Parameter	Value	Standard
Latency	0.2–0.5 seconds glass-to-glass	RFC 8829 / IETF
Mandatory audio codecs	Opus, iSAC, iLBC	W3C WebRTC 1.0
Standard video codecs	H.264, VP8, VP9	RFC 7742
Ant Media extension	H.265 (not standard WebRTC)	antmedia.io
Encryption	DTLS-SRTP mandatory	RFC 5764
Transport	UDP (TCP fallback)	RFC 8835
Signaling	WebSocket (implementation-defined)	RFC 8829
Browser coverage	Chrome, Firefox, Safari, Edge, Opera	caniuse.com, Q1 2025

The standout figure in that table is the 0.2–0.5 second end-to-end latency. HLS typically delivers 8–30 seconds; RTMP around 3–6 seconds. That gap is structural — WebRTC uses UDP and skips retransmission, while RTMP uses TCP and waits for lost packets to be resent.

WebRTC in 2026: 85% Browser Coverage, Ratified Standard, Active Deployments

WebRTC is more widely deployed in 2026 than at any previous point in its history. According to Google’s Chromium blog, Chrome, Edge, Firefox, and Safari together mean more than 85% of all installed browsers globally support WebRTC as a native client for real-time communication. The W3C WebRTC 1.0 specification reached formal Recommendation status in January 2021 — not a draft, not a proposal, a ratified standard.

Today WebRTC powers Google Meet, Facebook Messenger video, Discord’s browser client, and thousands of purpose-built platforms in telehealth, live commerce, education, and surveillance. The protocol has also expanded beyond its browser origins: native SDKs for Android, iOS, Flutter, React Native, and Unity let developers bring sub-500ms delivery to mobile and desktop apps with the same underlying stack.
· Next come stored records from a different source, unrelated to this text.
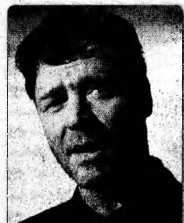
Premieră Russel Crowe a fost prezent ieri, în Sydney, la premiera celui mai nou film al său, „Cinderella Man”.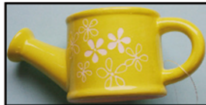
GIESS-KANNE, ca. 15 cm nur € 2,- / Stk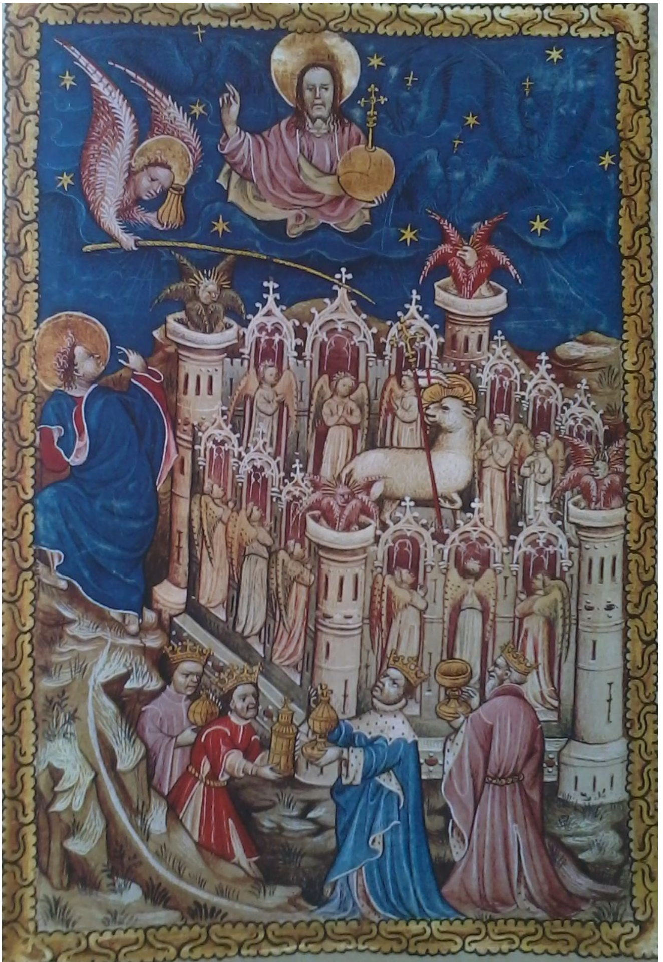
Enluminure, probablement 1400-1410

Illustre le chapitre 21 : le défi est de faire rentrer dans une image la totalité du chapitre ! D'où l'effet un peu surchargé.

The short answer: if you need real-time video that runs in a browser without any extra software, there’s nothing that competes with WebRTC on latency and compatibility simultaneously.

WebRTC Connection Sequence: SDP, ICE, DTLS, and RTP — Step by Step

WebRTC establishes a peer connection through 5 sequential steps: media capture, SDP offer/answer exchange, ICE candidate gathering, DTLS-SRTP handshake, and RTP media delivery. A signaling server (typically WebSocket-based) orchestrates steps 2 and 3 — but it never touches your media. After that handshake completes, media flows directly peer-to-peer.

Step 1 — Media capture. The browser calls getUserMedia() to access camera and microphone. The user sees a permission prompt and a visible indicator while capture is active — this is a W3C requirement enforced at the browser level, not something your app controls.

Step 2 — SDP offer/answer. Peer A generates a Session Description Protocol (SDP) offer — a text blob listing its supported codecs, bitrate parameters, and encryption credentials. The signaling server relays it to Peer B, which responds with an SDP answer. The two sides negotiate the highest common codec: if Peer A supports H.264, VP8, and VP9 while Peer B only supports H.264 and Opus, the session uses H.264 and Opus. No common codec means no connection.

Step 3 — ICE candidate gathering. Interactive Connectivity Establishment (ICE) finds every viable network path between the two peers. It queries a STUN server to discover each peer’s public IP address, assembles these as ICE candidates, and exchanges them through the signaling server. The ICE agent then tests each candidate pair with STUN pings to find the lowest-latency direct route. If a direct path fails — which happens in about 15–20% of enterprise sessions due to symmetric NAT or strict firewalls — traffic falls back to a TURN relay server.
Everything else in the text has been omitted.